**Your instructions**
Here the job is to copy the data exactly and to exclude every image from it.

Collected data entries
######
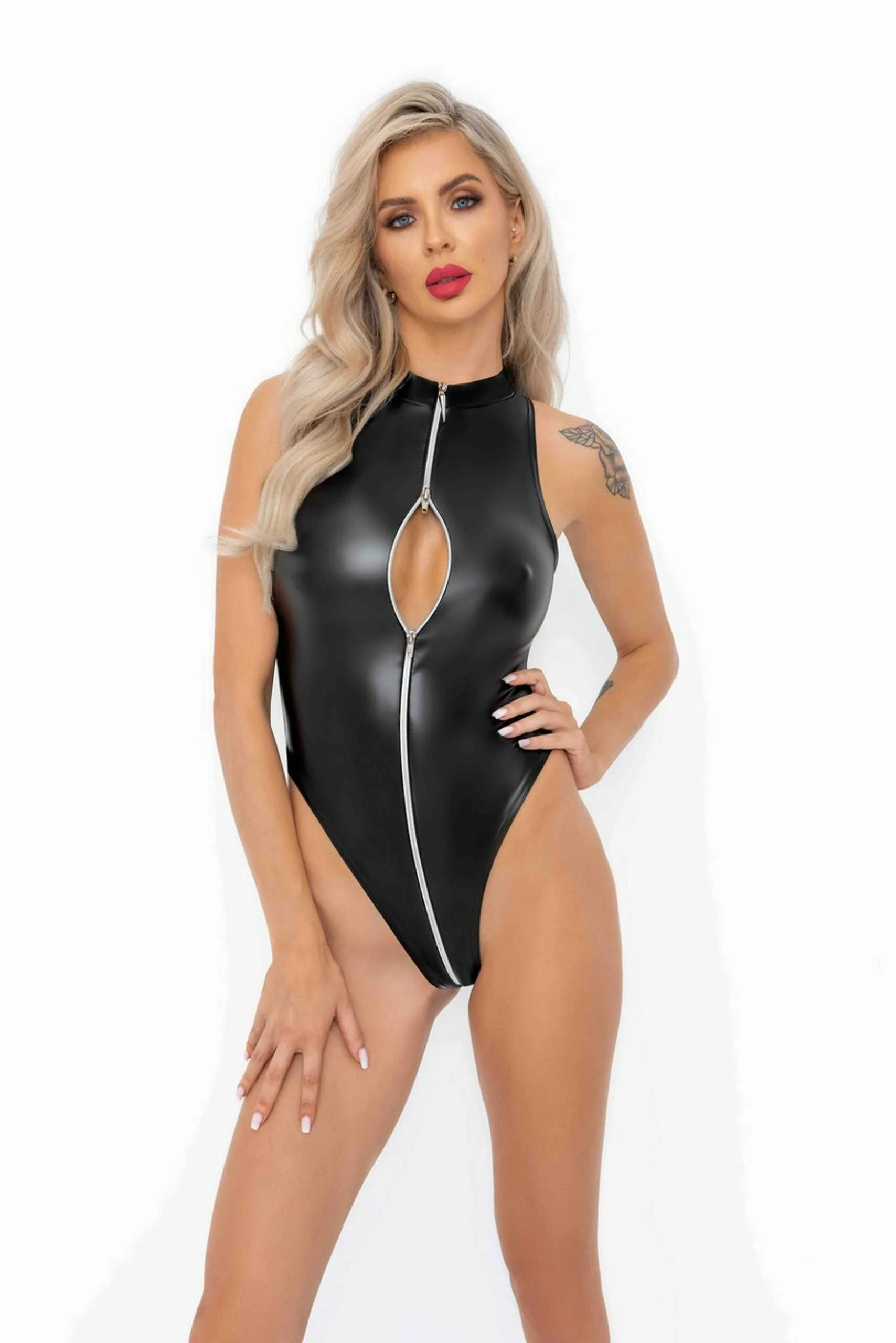 F294 Body Powerwetlook avec fermeture éclair sur le devant
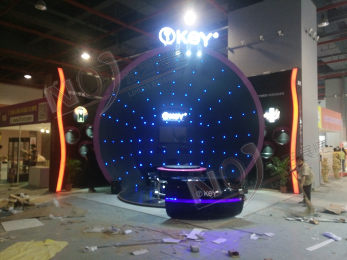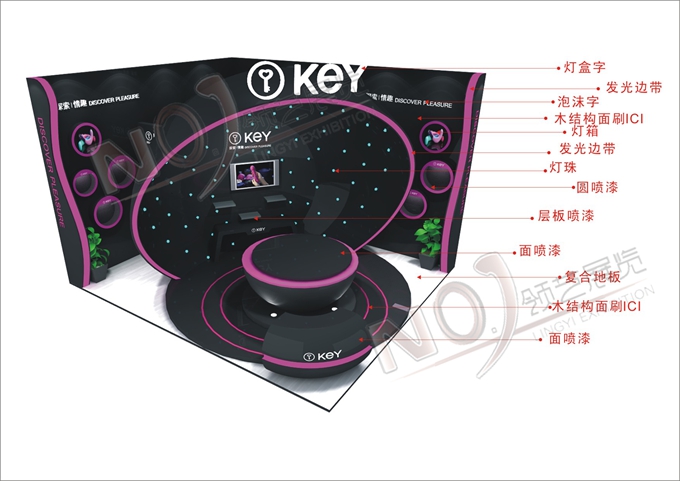 契合KEY的品牌形象和產(chǎn)品特性,采用框型結(jié)構(gòu),再搭配燈具燈光的效果,襯托出展位浪漫、朦朧的氛圍,突出一種尊貴、躍動的時尚品味。
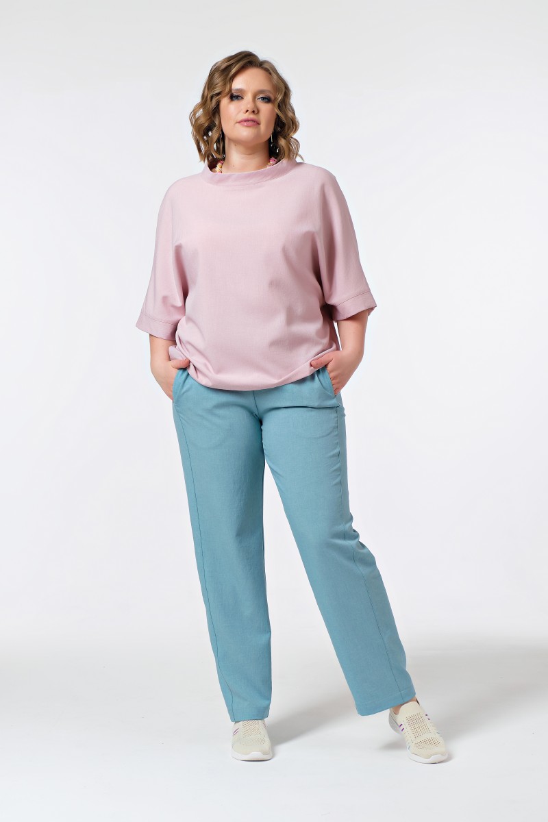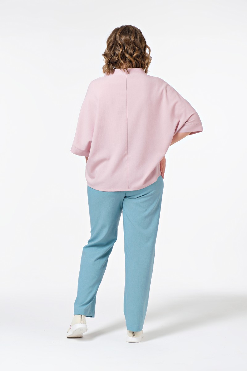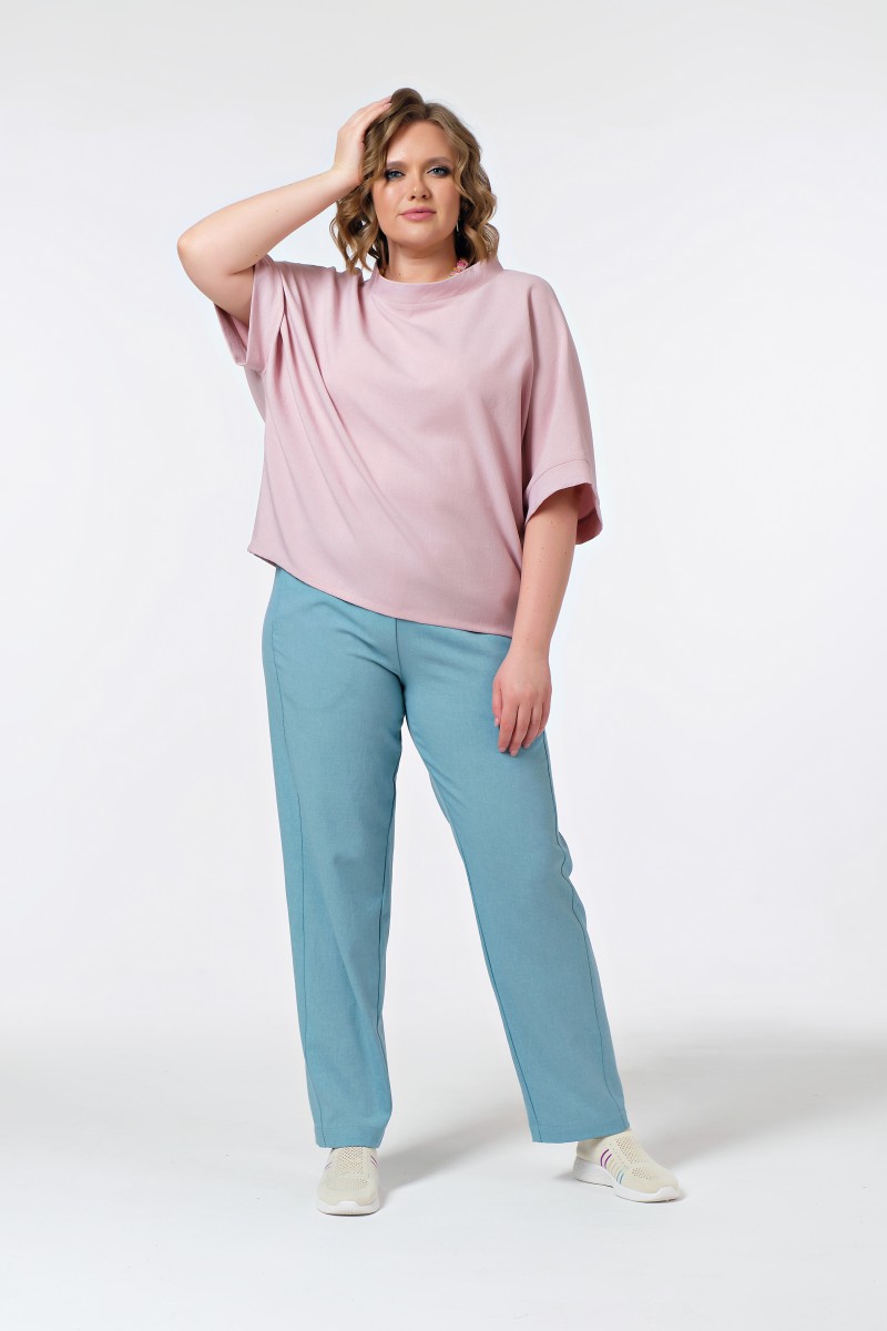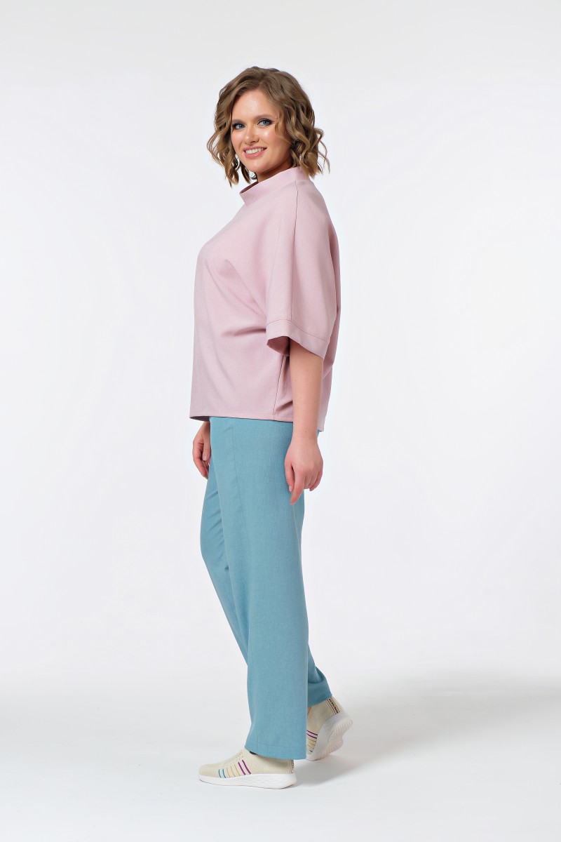 Блузка женская свободного силуэта.Рукава 3/4 цельнокроеные с притачной манжетой. Воротник – стойка. Низ изделия фигурный.
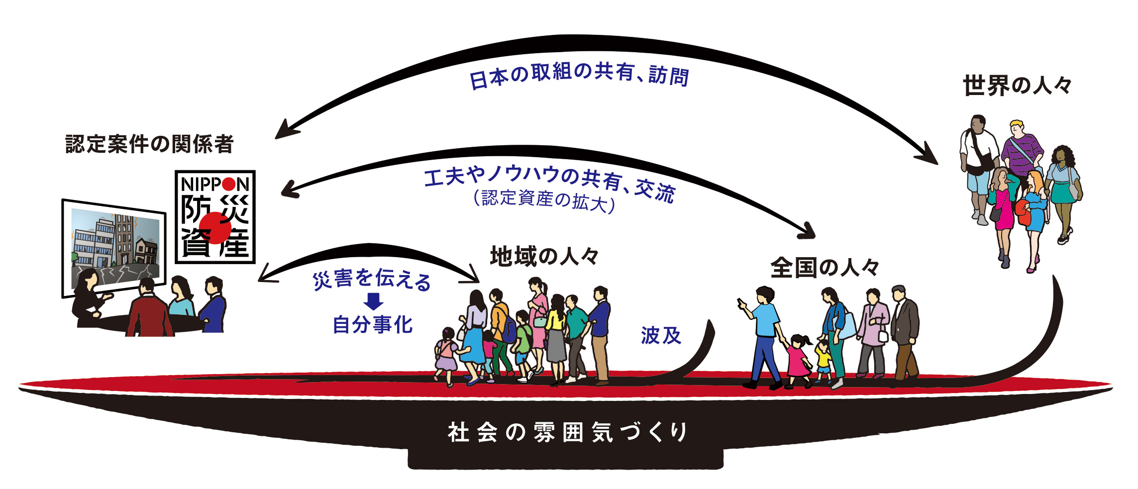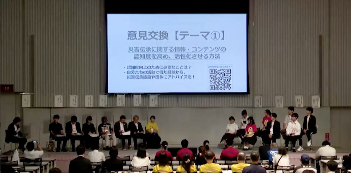 では、災害のことを人々が”自分の事”ととらえ、備えを進めたり、いざというときにとっさの行動がとれるようにするにはどしたら良いか!? 多くの人が集まった「ぼうさいこくたい2025」でも議論されましたが(上写真)、私たちは「災害の伝承」に注目し、地域で起きた災害のことを語り継ぐことで自分事化をはかり(下図)、備えを促していくことで、地域の防災力を高めていきたいと考えました。
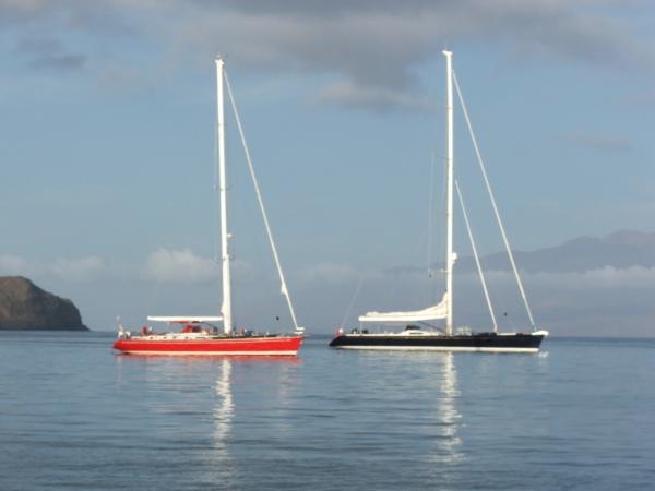 Le ciel est bleu, on aperçoit au loin le Swan rouge et à côté de lui un monocoque encore plus grand, un 80 pieds.
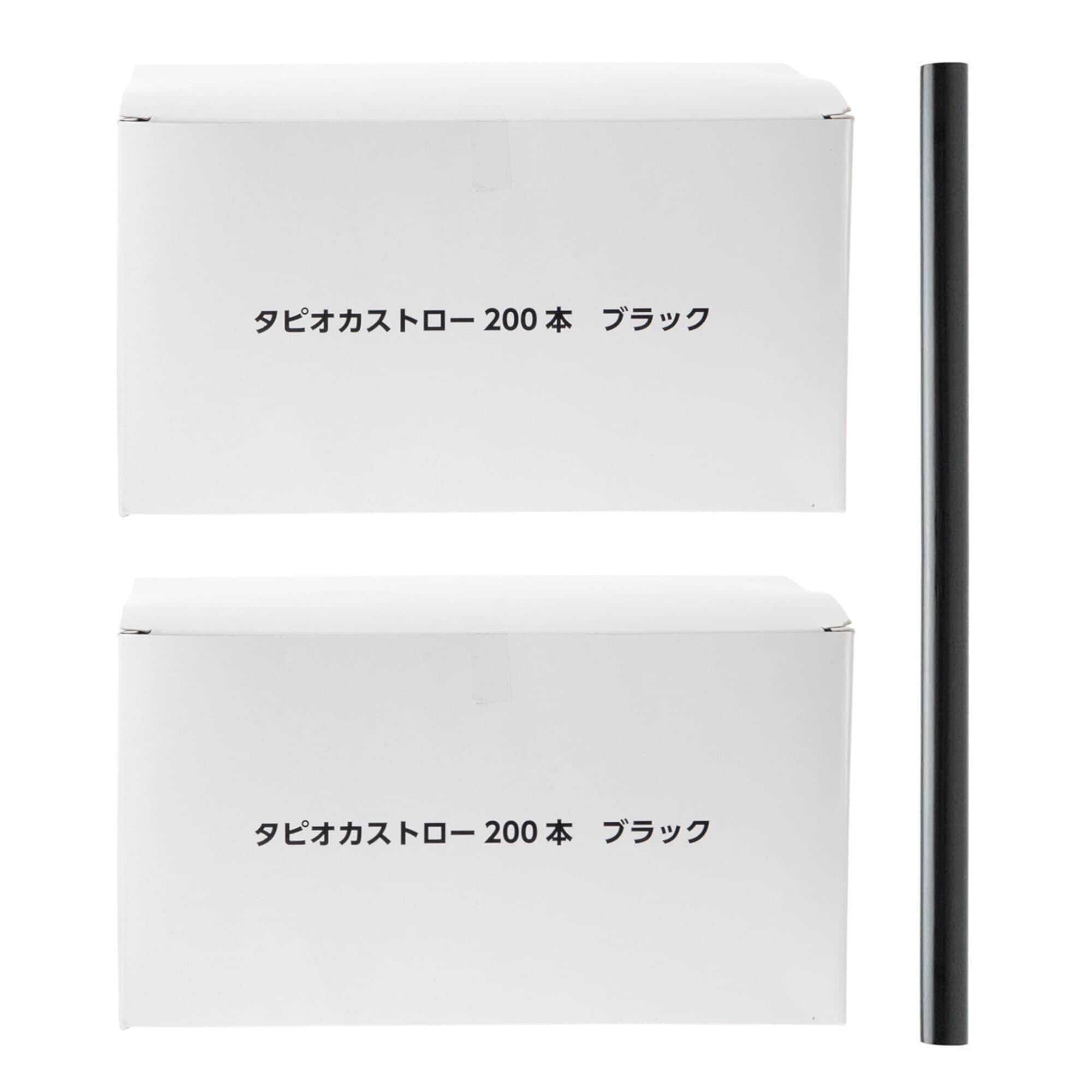 【 限定】 ストリックスデザイン タピオカストロー 400本 (200本×2個セット) 21cm 直径1cm ブラック ストロー 太め 箱入り おしゃれ カフェ タピオカ スムージー 大容量 業務用 SD-100
######
**Problem solution**
 F294 Body Powerwetlook avec fermeture éclair sur le devant
 契合KEY的品牌形象和產(chǎn)品特性,采用框型結(jié)構(gòu),再搭配燈具燈光的效果,襯托出展位浪漫、朦朧的氛圍,突出一種尊貴、躍動的時尚品味。
 Блузка женская свободного силуэта.Рукава 3/4 цельнокроеные с притачной манжетой. Воротник – стойка. Низ изделия фигурный.
 では、災害のことを人々が”自分の事”ととらえ、備えを進めたり、いざというときにとっさの行動がとれるようにするにはどしたら良いか!? 多くの人が集まった「ぼうさいこくたい2025」でも議論されましたが(上写真)、私たちは「災害の伝承」に注目し、地域で起きた災害のことを語り継ぐことで自分事化をはかり(下図)、備えを促していくことで、地域の防災力を高めていきたいと考えました。
 Le ciel est bleu, on aperçoit au loin le Swan rouge et à côté de lui un monocoque encore plus grand, un 80 pieds.
 【 限定】 ストリックスデザイン タピオカストロー 400本 (200本×2個セット) 21cm 直径1cm ブラック ストロー 太め 箱入り おしゃれ カフェ タピオカ スムージー 大容量 業務用 SD-100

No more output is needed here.